### Directions
When the line containing "Бренд: Happyfox Страна: Узбекистан" is found in the data below, give it again along with every later line, exactly; drop the pictures.

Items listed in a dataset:
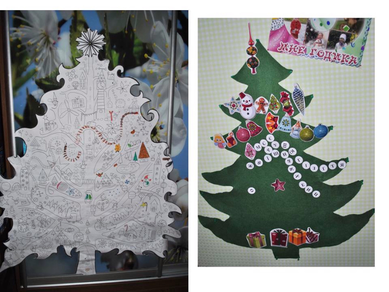 Раскраска и елочка из фетра, для создания гирлянд-слов.
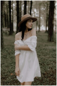 An elegant woman in a white dress and hat poses thoughtfully in a serene forest setting.
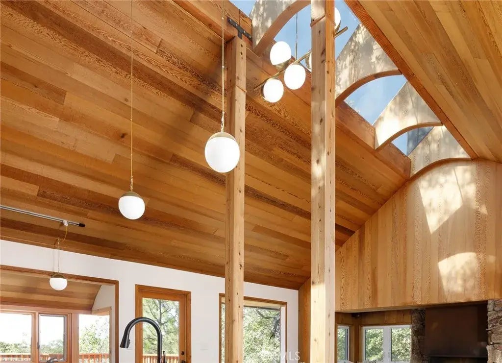 Sometimes the best surprises come in the smallest packages. That's certainly the case in the latest Brule-Cerwin remodel of this artistically unique hideaway. The only other owners are the ones who conceptualized, designed and built their dream cabin and the current owner/builders kept their concept alive, just took it to the upper limits of what it could be. The ceiling and walls of warm beautiful cedar are still there with hidden spaces that open with the touch of your hand, to house the TV and music system equipment in one and another is the laundry room! And the original owners idea of an open roof...or part of it...was kept in place, flooding the house with light from the more-than-a-skylight. Another original is the fireplace with metal hood and stone surround including a cuddly bench to curl up in. A wall was removed to open the living room and kitchen into one wide open space. A giant island in the kitchen offers seating on one side and high end appliances on the kitchen side. On the side of the kitchen is a built-in dining nook with a backdrop of windows. The living area has a spacious bay window to give you even more light. The two bedrooms are a perfect size with a loft area in each for office space or kid space, or extra sleeping space. A beautiful bathroom wth double sinks and tub/shower is conveniently near both bedrooms. A large deck in the back is a great place to barbecue and has built-in planter boxes for container gardening. Down a short set of stairs off the deck is space that could be turned into another bedroom and bath if needed, or it's just great st
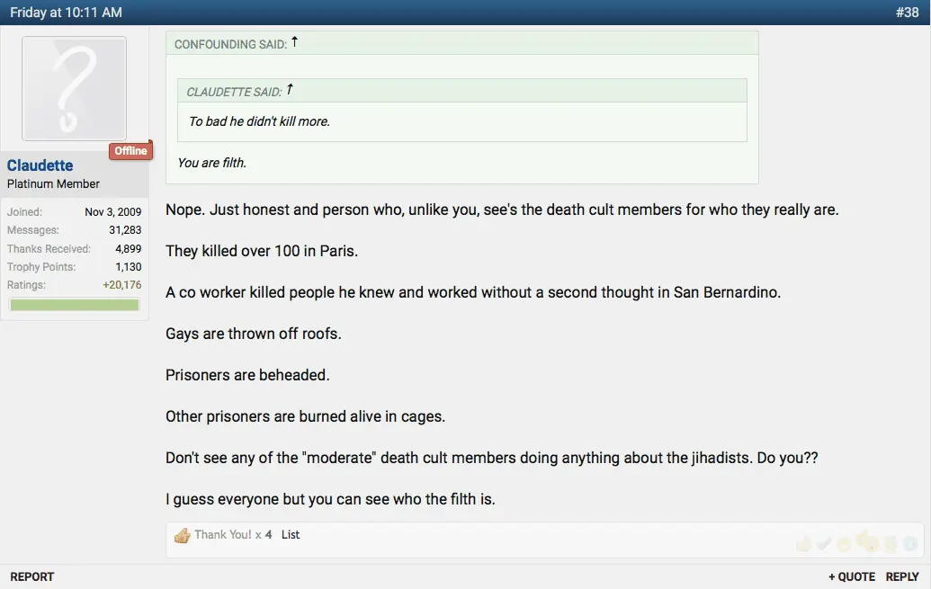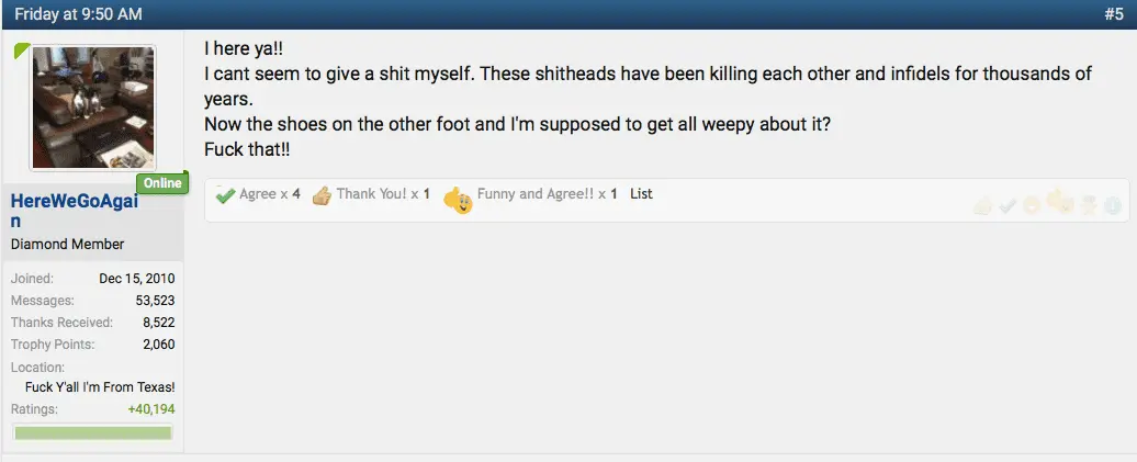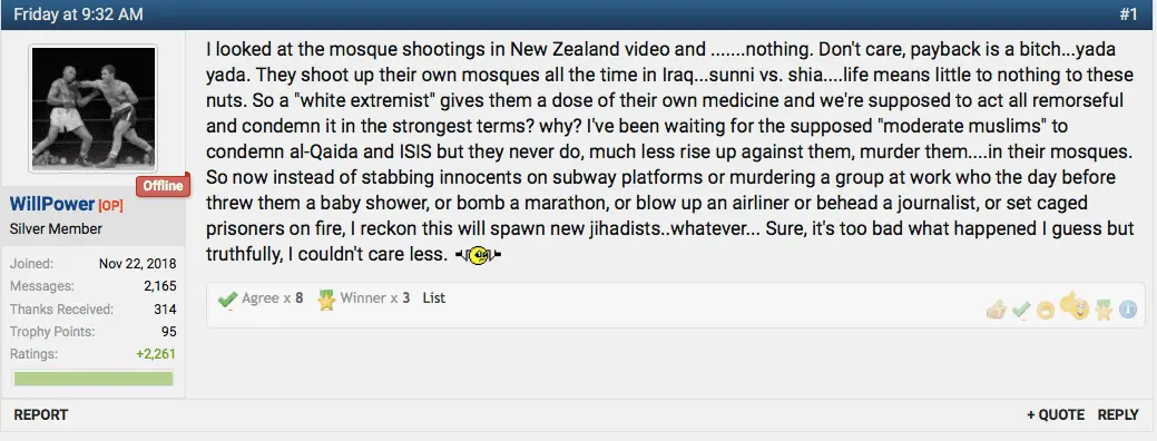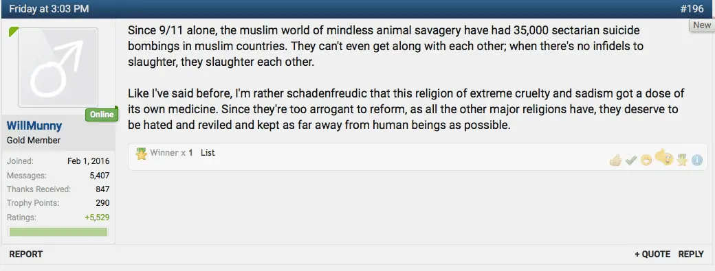That hatred and horror was justified and rationalized in almost exactly the way you fuckers rationalize killing 50 Muslims in a mosque
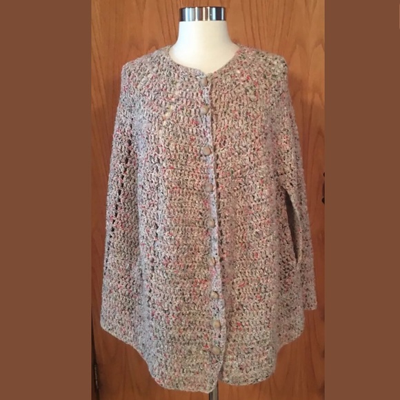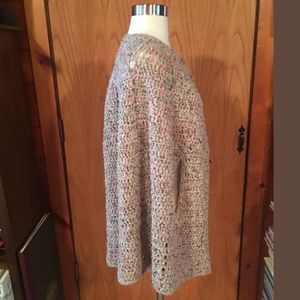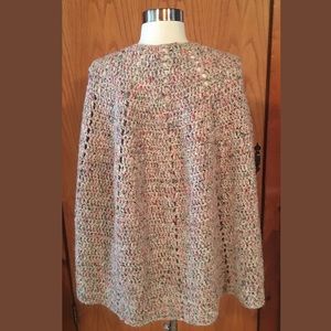 Crochet Knit Multi-Color Button Front Cape Shall One Size Fits Most S-XL. There isn't a size tag but should fit most sized S-XL. There isn't a material tag, feels to be a cotton blend.
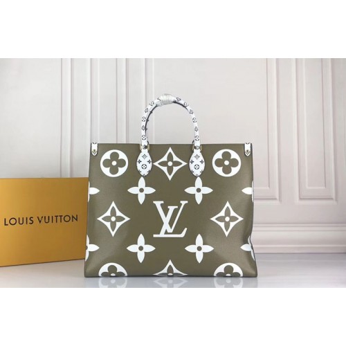 Louis Vuitton M44571 LV Onthego tote bags Monogram coated canvas Khaki Green/White/Beige/Crème Beige
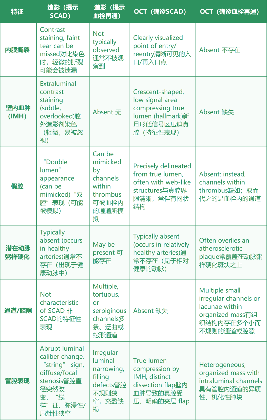 OCT克服了这些局限。其核心优势在于能够通过显示特征性影像,明确区分SCAD与血栓再通:
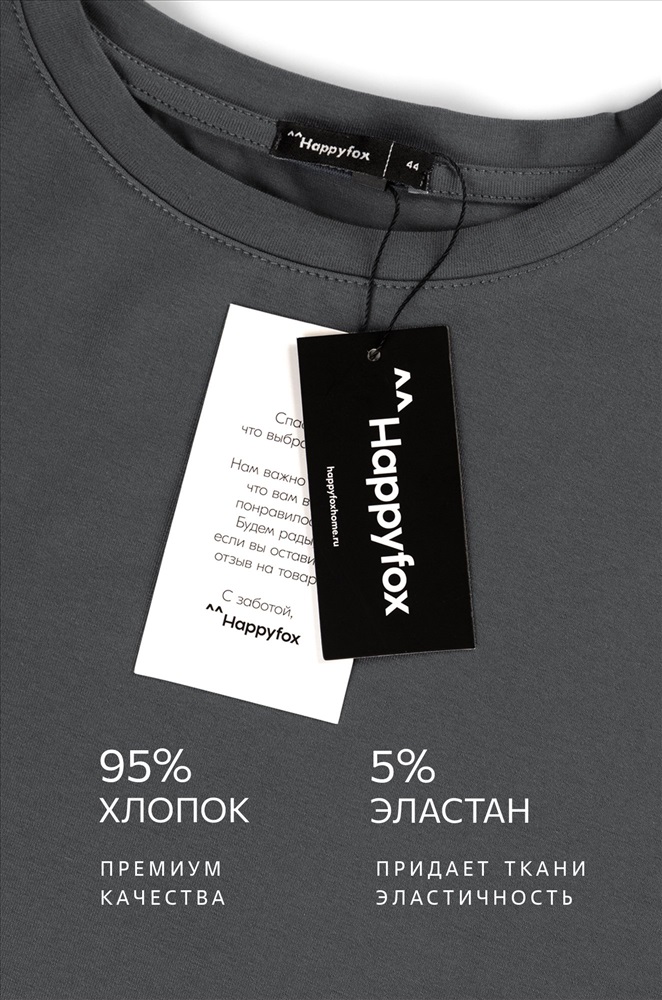 Бренд: Happyfox Страна: Узбекистан Состав: 95% хлопок, 5% эластан Материал: Кулирная гладь Плотность ткани: 160 г/м2 Цвет: графит
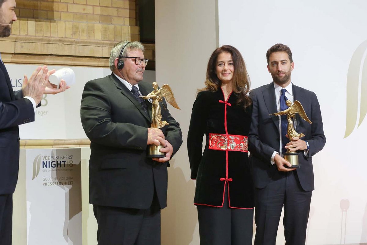 On behalf of Daphne’s husband and sons, and the rest Daphne’s extended family, I want to thank Verband Deutscher Zeitschriftenverleger. We are deeply honoured by the Golden Victoria award.
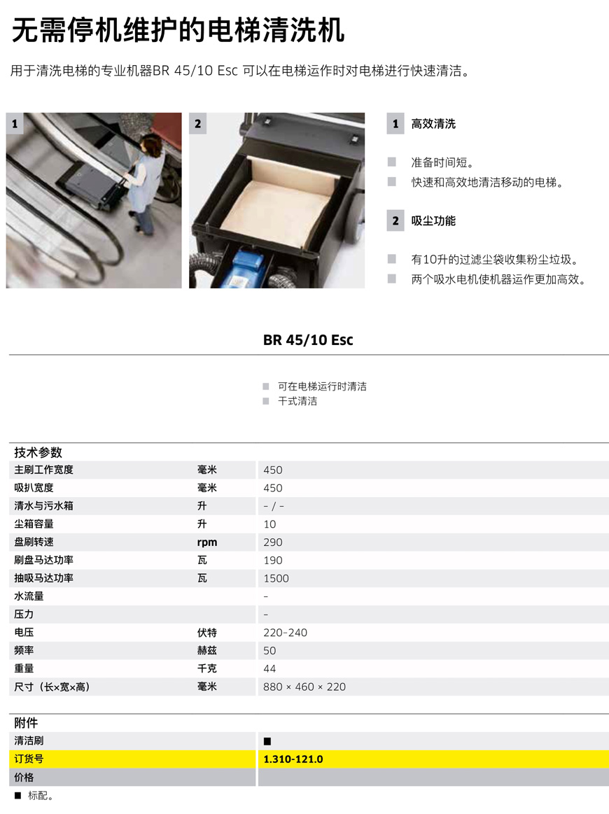 嘉洁环保提供德国卡赫扶梯清洗机BR 45/10 ESC,刷子宽度:450 mm,尘箱容量:10 l,抽吸马达功率:1500 w。价格实惠!!

### Solution to this problem
 Бренд: Happyfox Страна: Узбекистан Состав: 95% хлопок, 5% эластан Материал: Кулирная гладь Плотность ткани: 160 г/м2 Цвет: графит
 On behalf of Daphne’s husband and sons, and the rest Daphne’s extended family, I want to thank Verband Deutscher Zeitschriftenverleger. We are deeply honoured by the Golden Victoria award.
 嘉洁环保提供德国卡赫扶梯清洗机BR 45/10 ESC,刷子宽度:450 mm,尘箱容量:10 l,抽吸马达功率:1500 w。价格实惠!!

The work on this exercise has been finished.